MAPS, skycrapers, and Myriad Gardens – excitement in Oklahoma City

These are pretty amazing times for Oklahoma City. The MAPS Projects have all been a great success and set a tone of action and progress for our friendly community. The ballparks, library, canal, museums, Bricktown and the river are transforming our community and have led to many additional private projects and investments. The Oklahoma river is in the earliest stages of development and over time may have the biggest impact of all these projects. Our city is progressing on the MAPS for Kids to build new school campuses and to remodel most of the other school campuses and are even landscaping some of these school buildings so they don’t look like prisons. After OKC’S  amazing response in hosting the homeless New Orleans Hornets, we have now landed our own NBA Basketball Team and the momentum keeps building. We were excited that Sandridge Energy acquired the vacant Kerr McGee building and will develop it as their new home and take over care of the lovely Kerr Park in downtown Oklahoma City, a rare example of good landscaping in our downtown area.

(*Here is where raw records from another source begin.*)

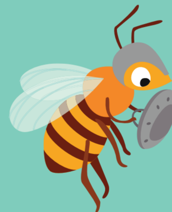
Jours 18-21 Gardiennne
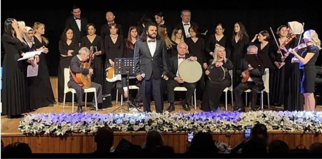
13 Mayıs 2024- Odeon Çoksesli Koro Konseri
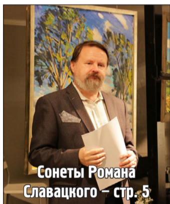
Сонеты Романа Славацкого – стр. 5
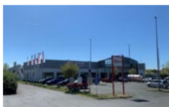
Bamberg - RingCenter
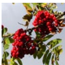
Sidensvans t.v, rönnbär t.h.

Sidensvansen flyttar söderut under hösten och livnar sig då t.ex. på rönnbär. Rönnbär som jäst och innehåller alkohol kan göra att fåglarna blir påverkade.
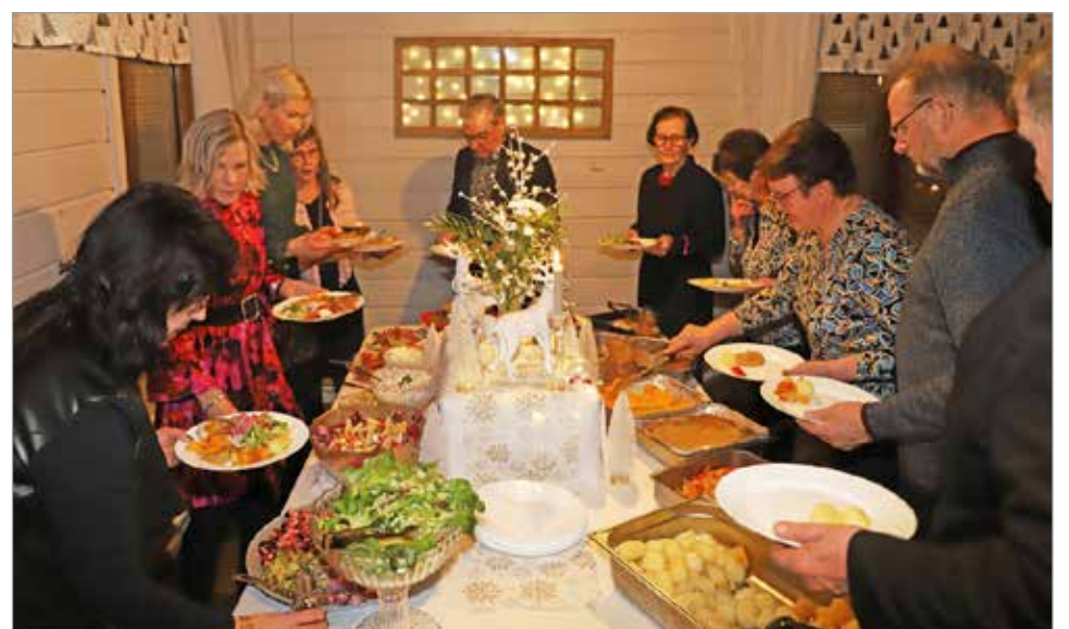
Syyskokouksen jälkeen nautittiin Kuivaniemen Kievarin laittaman joulupöydän runsaista antimista.

Toimintasuunnitelmassa todettiin alkavan 43. toimintavuosi. Jäseniä on 35 uuden toimintavuoden alkaessa Yhteistyötä tehdään kunnan ja

This last week Devon Energy announced plans to build the first skyscraper in Oklahoma City in decades. This project will be almost twice as tall as the tallest building in Oklahoma City but will be softened with a beautiful landscaped atrium and over 2 acres of outside park with gardens that will be open to the public and we hope will be done to a scale and quality to set an example for our city. We have a lot of room for improvement in urban landscaping and beautification when compared to peer cities like Columbus, Ohio and Chicago since we have limited trees, few flowerbeds, large street container gardens or hanging gardens to add excitement, color and air cleaning charm to our downtown concrete jungle. The amazing Devon project is estimated to cost 750 million dollars by the time it opens in 2012. That compares to the 350 million invested with the penny sales tax in the MAPS Projects for the Ballpark, Arena, Bricktown Canal and Library. We now are investing 512 million in the MAPS for Kids penny sales tax to rebuild all of the city schools. The new privately funded Devon Tower will cost almost as much as all those MAPS and MAPS for kids projects put together. The parking garage across from the street north from the Myriad Gardens will be transformed into the new Devon Tower. The Devon Tower will be built in a Tax Increment Financing District where the extra property taxes from the development for 17 years will be diverted to further infrastructure improvements within the boundaries of the new TIF district.

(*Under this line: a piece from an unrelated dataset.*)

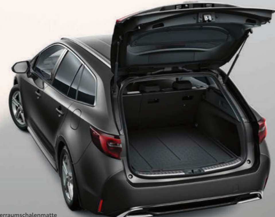
Kofferraumschalenmatte (Corolla Touring Sports)
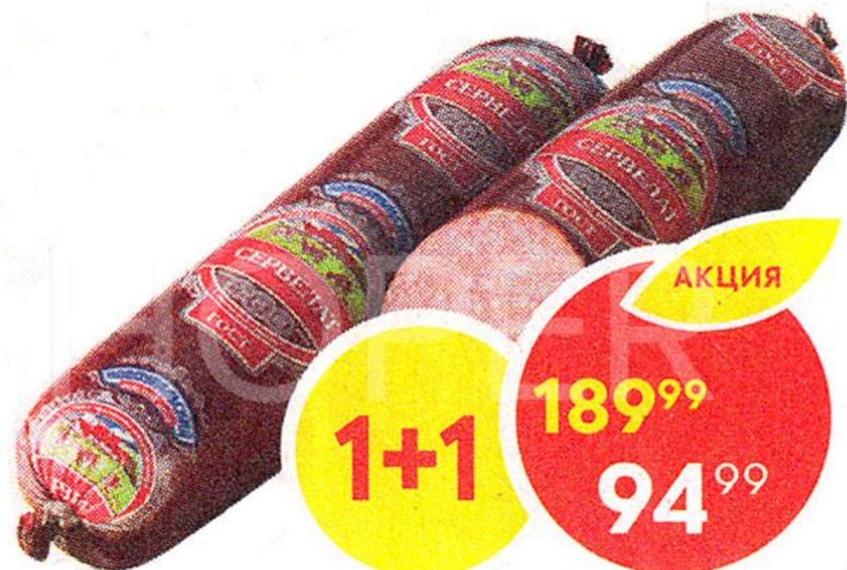
Сервелат, варено-копченый, Новоуральский МД, 300 г

Larry & Polly Nichols and the good folks at Devon could use this economic development tool to make further capital improvements on the Devon property but because of their love for Oklahoma City and the desire to be good neighbors they want to see most of it used to transform the Myriad Gardens, Centennial Park and other public spaces in their new downtown neighborhood. They have hired two sets of nationally known landscape architects to help with developing master plans, to tour other urban parks and gardens and to help host a community input seminar this last week to discuss ideas and determine the best ways to use these funds to take our already gorgeous 17 acre downtown Myriad Gardens and transform it to become an even more active and integral part of our community’s activities. There was a strong concensus among those at the input meeting to retain the Botanical Garden focus but there was an agreement that the outdoor gardens could benefit from lowering the soil berms in areas to open up the gardens and the conservatory for more street level views, by adding one or two restaurants, more event plazas and spaces, food kiosks for events and lots more seating areas. There was interest in game tables for checkers and chess, wifi access throughout the park, possibly adding an outdoor ice skating rink, an area for movies in the park, more fountains and water features.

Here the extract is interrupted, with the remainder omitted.